L’évolution du style de Metallica sur cet opus est considérable et une partie des fans leur reprochera d'avoir tout fait pour passer à la radio. En effet, il est clair que le tempo s'est considérablement réduit. Sous l’influence de Bob Rock, les « four horsemen » délaissent leurs influences Thrash pour se concentrer sur les finitions des morceaux. Ainsi, la plupart des titres sont construits sur un ou deux riffs, sur lesquels le groupe ajoute petit à petit des éléments, tel le grandiose "Enter Sandman". La basse retrouve sa place au sein de la formation, et les possibilités de chaque instrument sont exploitées au maximum. Le son de l’album s’en trouve considérablement enrichi, avec une production presque parfaite et une ambiance sonore finement travaillée.
Attention, l’essence de Metallica reste présente, avec une majorité de riffs acérés et sombres. Le ralentissement du tempo rend l’ambiance encore plus pesante ("Sad But True"). James Hetfield chante comme jamais, ses lignes de chant sont inspirées, et il fait vivre des titres tels "Wherever I May Roam" ou "My Friend Of Misery". Les paroles s’éloignent des thèmes habituels de société, de guerre et d’insanité. Les sentiments sont plus fouillés, ainsi que le précise James : « Quand tu parles de tes sentiments, tu es sûr de ne pas te tromper, contrairement aux problèmes divers de la société. ».
Le coté sauvage est toujours bien présent, mais simplement mieux maitrisé. Le grandiloquent "Sad But True", que l’on retrouvera sur beaucoup de sac à dos d’étudiantes, le rapide "Holier Than Thou", sont des exemples de morceaux percutants qui rappellent bien qu’il est question de metal. Des titres étonnants font parallèlement leur apparition. "Nothing Else Matters" fera beaucoup parler d’elle, étant la première véritable balade du groupe. Ce splendide titre présente même des orchestrations classiques (du célèbre Michael Kamen), ainsi qu’un solo percutant et élégant. "The Unforgiven" est assez originale, avec des couplets hard, et un refrain plus acoustique.

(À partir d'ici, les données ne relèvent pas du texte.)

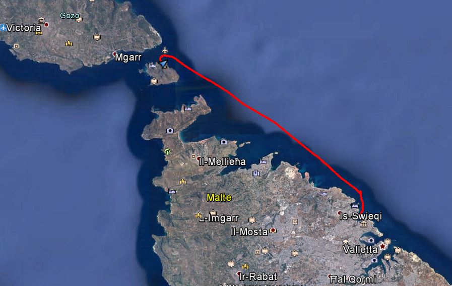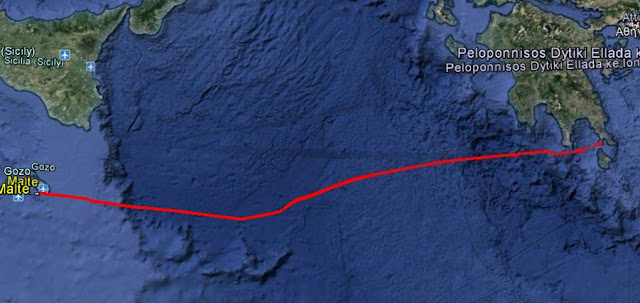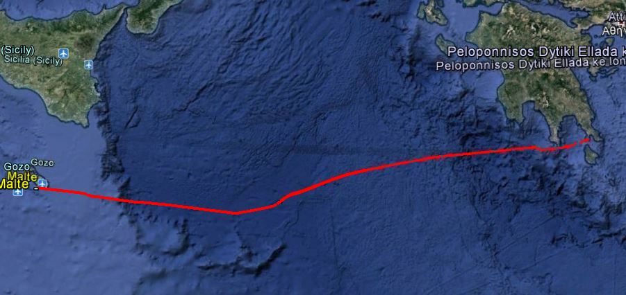 L'itinéraire prévu au départ passe par la côte de l'Attique et l'est d'Athènes, le sud du Péloponnèse, Malte, Sicile, et remontée au large des côtes de Sardaigne et de Corse.

Alors pour certains fans, cet album sera celui de la traitrise et de la compromission. Pourtant, avoir atténué l'agressivité n’est pas ici synonyme de médiocrité. Des différents titres présents sur cet opus, beaucoup deviendront des classiques de Metallica. Ce "Black Album", s’il marque une rupture dans la carrière du groupe, s’avère un modèle de maitrise, et le soin apporté à la production lui permet de rester d’actualité dix huit ans après.